TASK TO COMPLETE — Pictures must be left out. Retype exactly the lines from the one containing "意味不明あだ名 | 『とにかく怪しいまさはら』 |" through the last line of the records below.

(Stored entries)
"""
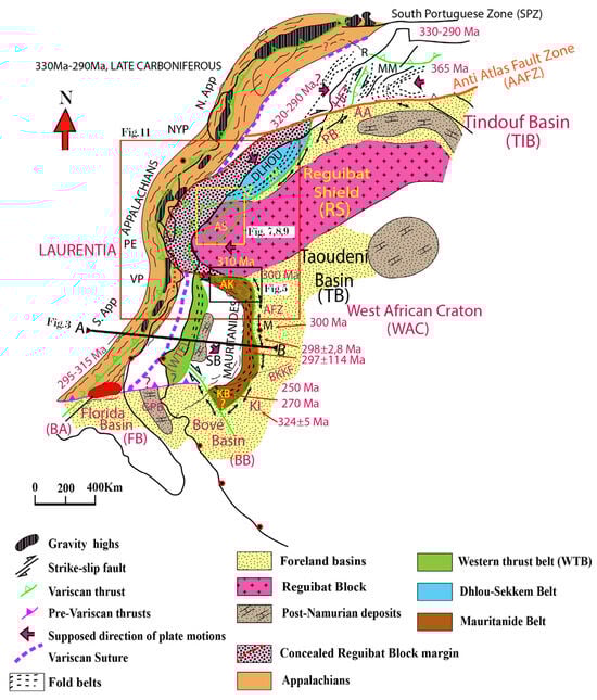 Geological sketch map of the Variscan belts in West Africa and North America, modified from [1], with indication of local geological schemes of this study. AA—Anti-Atlas Belt; AS—Adrar Souttouf Massif; SB—Senegalese Block; MM—Moroccan Meseta; PB—Plage Blanche; ZM—Zemmour massif; TIB—Tindouf Basin; TB—Taoudeni Basin; KB—Koulountou Block; BB—Bové Basin; GPB—Guinean Paleozoic Basin; FL-SB—Florida or Suwanee Basin; SApp—Southern Appalachians; Napp—Northern Appalachians; VP—Virginia promontory; PE—Pennsylvania Embayment; NYP—New York Promontory; AK—Akjoujt. Numbers—Ages of deformations presented in Ma.
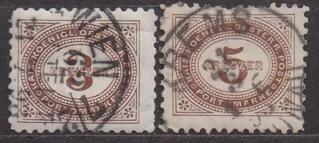 Österreich, Portomarken Mi-Nr. 3 + 4 gest., Ziffernzeichnung
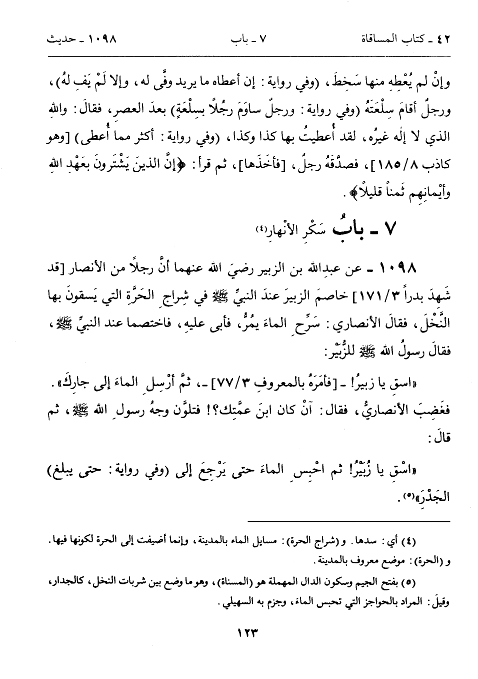 1098 - عن عبدِ الله بن الزبير رضيَ الله عنهما أنَّ رجلاً من الأنصار [قد شَهِدَ بدراً 3/ 171] خاصمَ الزبيرَ عندَ النبيِّ - صلى الله عليه وسلم - في شِراجِ الحَرَّةِ التي يَسقونَ بها النَّخْلَ، فقالَ الأنصاري: سَرِّحِ الماءَ يمُرُّ، فأبى عليهِ، فاختصما عند النبيِّ - صلى الله عليه وسلم -، فقالَ رسولُ الله - صلى الله عليه وسلم - للزُّبير:
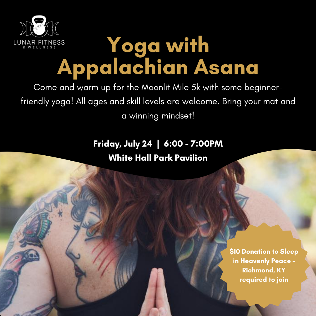 Come and warm up for the Moonlit Mile 5k with some beginner-friendly yoga! All ages and skill levels are welcome. Bring your mat and a winning mindset!
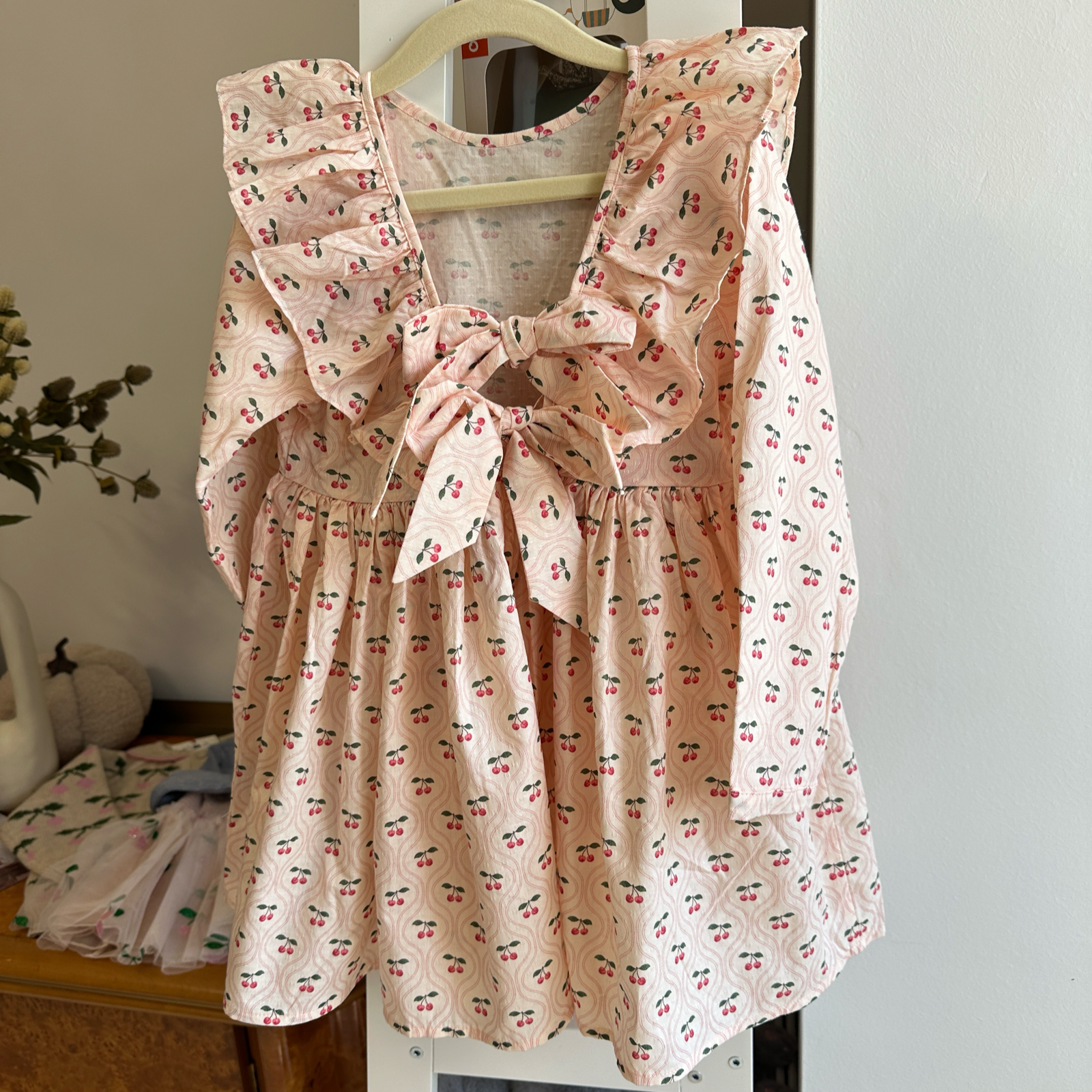 Abito in cotone organico con fiocchi e ruches – Stampa esclusiva ciliegie
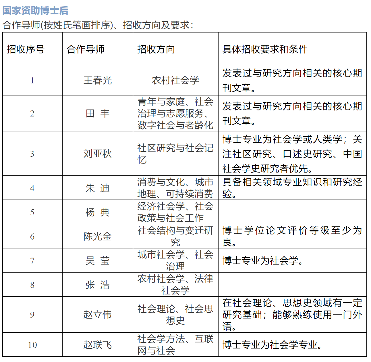 (四)在站期间须完成1部具有较高学术价值的博士后出站报告,并以“中国社会科学院社会学研究所”为作者单位,独著或作为第一作者、第二作者(博士后合作导师为第一作者)发表一定量的高质量成果。
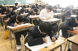 今日、明日は2学期の期末テストがあります。生徒のみなさんは、真剣に試験に取り組んでいました。
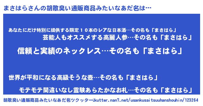 | 意味不明あだ名 | 『とにかく怪しいまさはら』 |
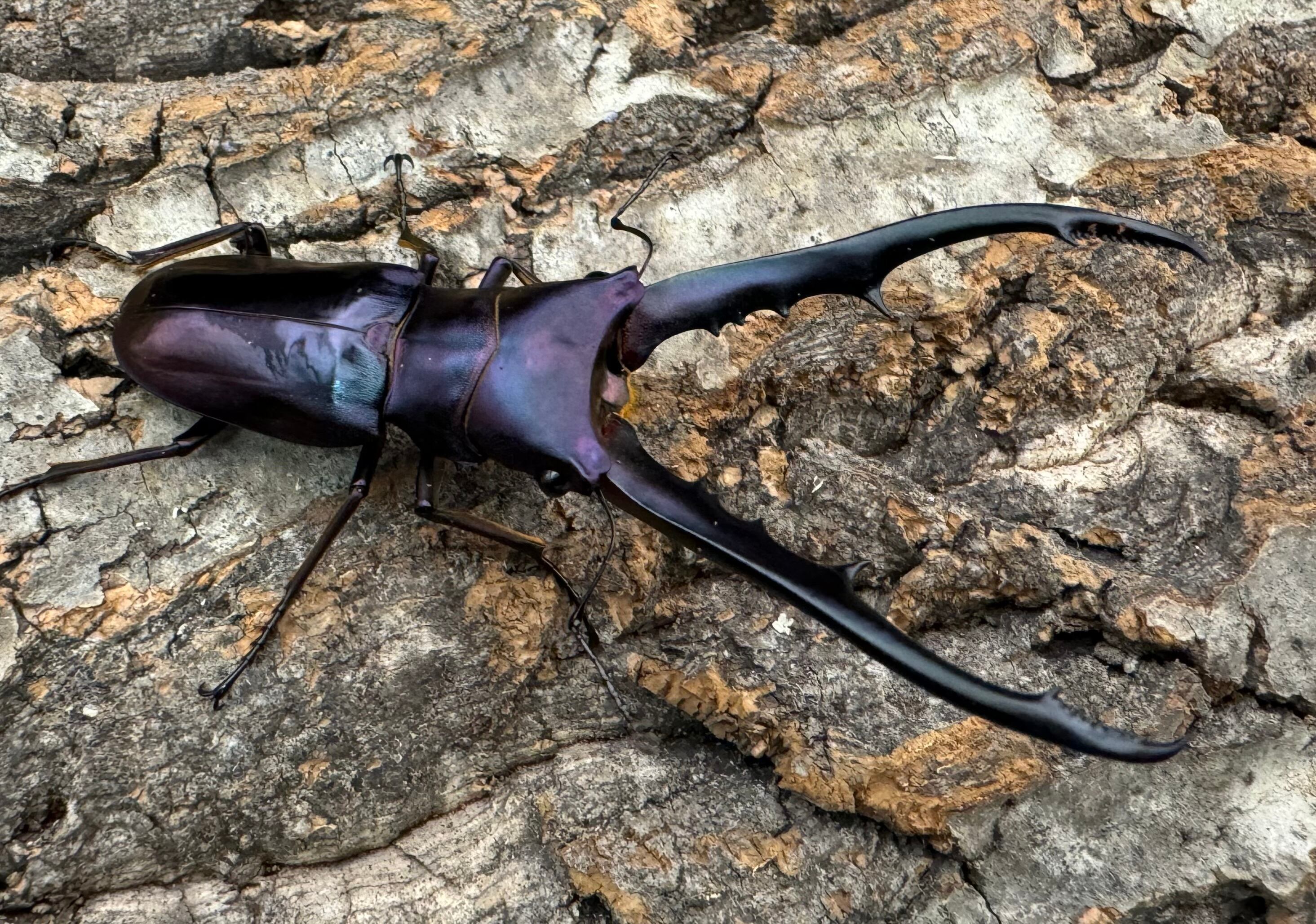 メタリは胴体よりも長い大アゴと、メタリックカラーが美しく大変人気のクワガタです。
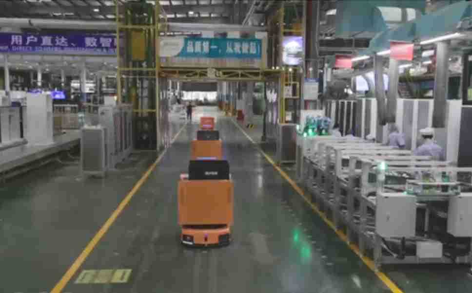 为车载冰箱物流配送打造的智能解决方案,,,,包含产中物流通过潜伏举升AMR搬运至线边,,,产后成品物流智能仓储,,,,流程包含产中物流智能齐套入库,,线边安灯叫料AMR智能配送至线边,,,,成品入库、、、、出库,,,,通过无人堆高车机器人,,智能仓储管理替代人工作业管理,,,实现更高存储、、、、更高效率、、、、更具柔性化的解决方案。。。
"""
EXERCISE SOLUTION —
 | 意味不明あだ名 | 『とにかく怪しいまさはら』 |
 メタリは胴体よりも長い大アゴと、メタリックカラーが美しく大変人気のクワガタです。
 为车载冰箱物流配送打造的智能解决方案,,,,包含产中物流通过潜伏举升AMR搬运至线边,,,产后成品物流智能仓储,,,,流程包含产中物流智能齐套入库,,线边安灯叫料AMR智能配送至线边,,,,成品入库、、、、出库,,,,通过无人堆高车机器人,,智能仓储管理替代人工作业管理,,,实现更高存储、、、、更高效率、、、、更具柔性化的解决方案。。。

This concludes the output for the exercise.